= Waterloo Moraine =

Landform and sediment body

The Waterloo Moraine is a landform and sediment body that was created as a moraine in the Regional Municipality of Waterloo, in Ontario, Canada. It covers a large portion of the cities of Waterloo and Kitchener and the township of Wilmot, and some parts of the townships of Wellesley and North Dumfries. About 90% of the water supply of the Regional Municipality of Waterloo is derived from groundwater of the Waterloo Moraine aquifer system.

During late 1989 and early 1990, groundwater contamination in Elmira forced the Region to shut down some well fields. As a result, new land use management guidelines and water protection measures have been enacted.

The Waterloo Moraine is the largest of fourteen moraines in the Region, spanning approximately 400 square kilometres. It is an interlobate moraine, consisting primarily of sand and gravel. It contains large aquifers, which discharge into the Grand River and its tributaries and maintain a base water flow rate into that system.

==Origin==
The Waterloo Moraine was formed as the three ice lobes of the Laurentide Ice Sheet retreated across what is now Waterloo Region from Lake Huron in the west, Georgian Bay in the northeast, Lake Ontario in the east and Lake Erie in the southeast. As the glacier moved, it carried with it huge boulders, sand, gravel and debris. As the ice disappeared, the Waterloo Moraine remained, a huge complex of glacial sediments that is between 30 metres and more than 100 metres thick. Meltwater streams cascading from the surface of the ice lobes carried enormous deposits of sand and gravel and blocks of bedrock.

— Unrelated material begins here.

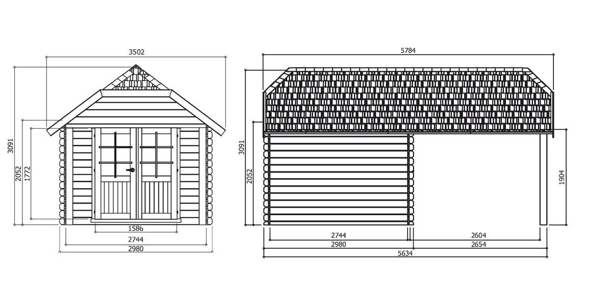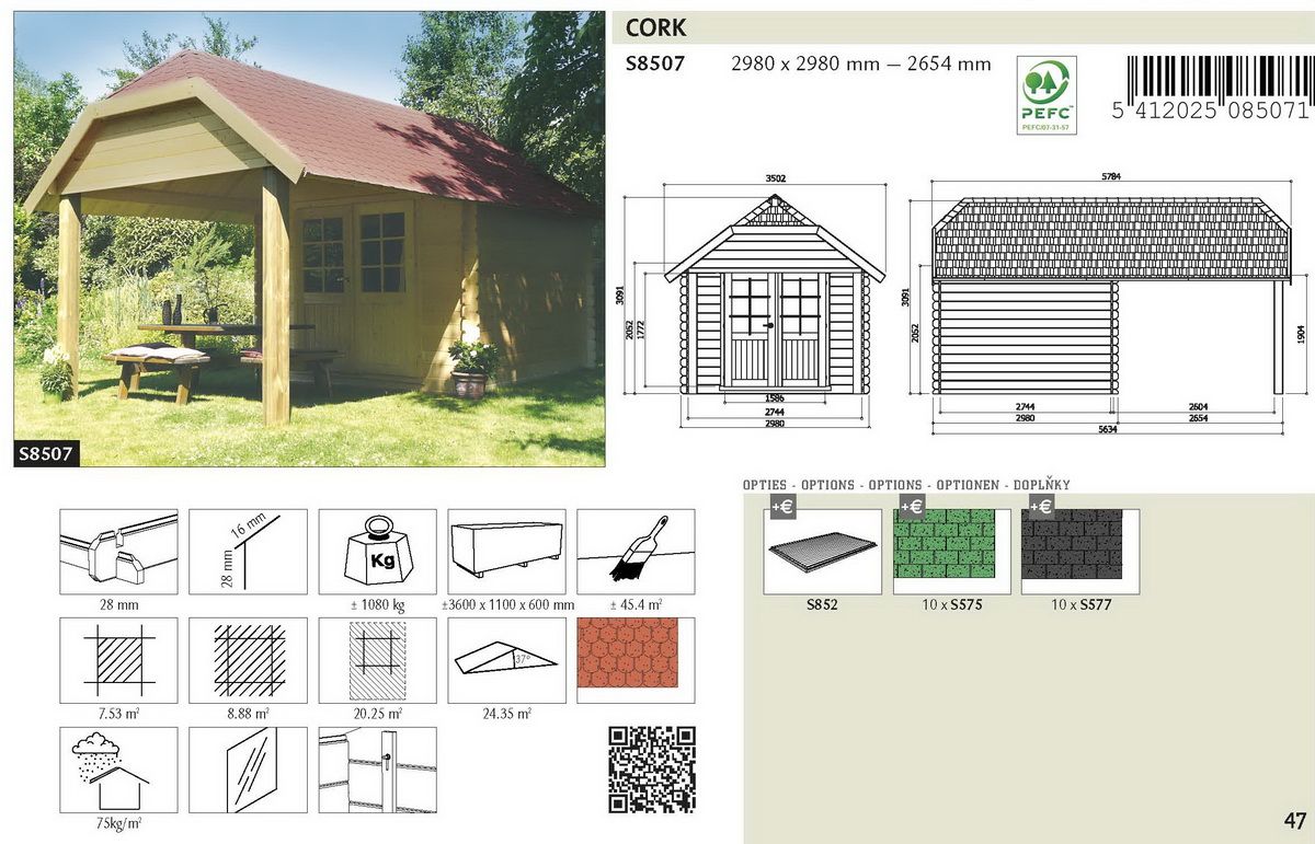 Solid Tuinhuis Cork (2980mm+2654mm) x 2980mm x 3091mm

The glacial sediments constituting the moraine rest upon the Guelph and Salina carbonate bedrock formations.

==Significance==
The Waterloo Moraine provides drinking water for over 300,000 people throughout Waterloo Region, and approximately 75% of its potable water. The Waterloo Moraine is currently not protected by provincial legislation although there is an active movement from citizens to see that this takes place.

Louisette Lanteigne and David Wellhauser of Waterloo have used the Environmental Bill of Rights to submit a Request for Review for a Waterloo Moraine Protection Act. This resulted in a 16-month review of source water and groundwater protection for the Waterloo Moraine. The findings were to be published in September 2008.

==Function==
In the vicinity where the three ice lobes began to retreat, sits the recharge areas that allow surface water to enter back into the ground source. The speed of absorption depends on the density of aquifers and aquitards. Aquifers are made up of sand, gravel and silt where the water filters down relatively quickly. The shallow aquifers feed area bodies of water such as creeks and streams while the deeper aquifers feed down to replenish the ground water. The aquitards are the protective layers of clay that slowly filters the water and act to protect the main source from contamination. Left on its own, it is a naturally renewable way to gather fresh drinking water.

===Ground water recharge===
The moraine covers much of the City of Waterloo, Kitchener, Wellesley, Wilmot and North Dumfries, covering 400 sqkm of land. Almost half of the ground water recharge takes place on only 15% of the Grand River watershed and 80% occurs on only 30% of the land mass most of which is located at the west end of Waterloo Region in the townships of Wilmot and Wellesley.

==Threats==
The ground water travels down from west to east feeding area wells throughout the region. Subdivision developments in the west end would create more impervious surfaces in the vicinity of the recharge area. Instead of allowing the water to refill the source, the run off will be diverted to sewage systems instead. This will mean a permanent decrease in the volume of water entering area wells. The reduction of water in the wells will significantly increase the parts per billion of contaminants in the system jeopardizing the quality of water in the aquifer and increasing the costs of filtration.

If an increase in traffic follows the development in the vicinity of the aquifer, there will be an increased risk of contamination by road salt which is, according to Environment Canada, a known toxic substance. Road salt is a form of chloride that kills fish and pollutes area creeks and streams.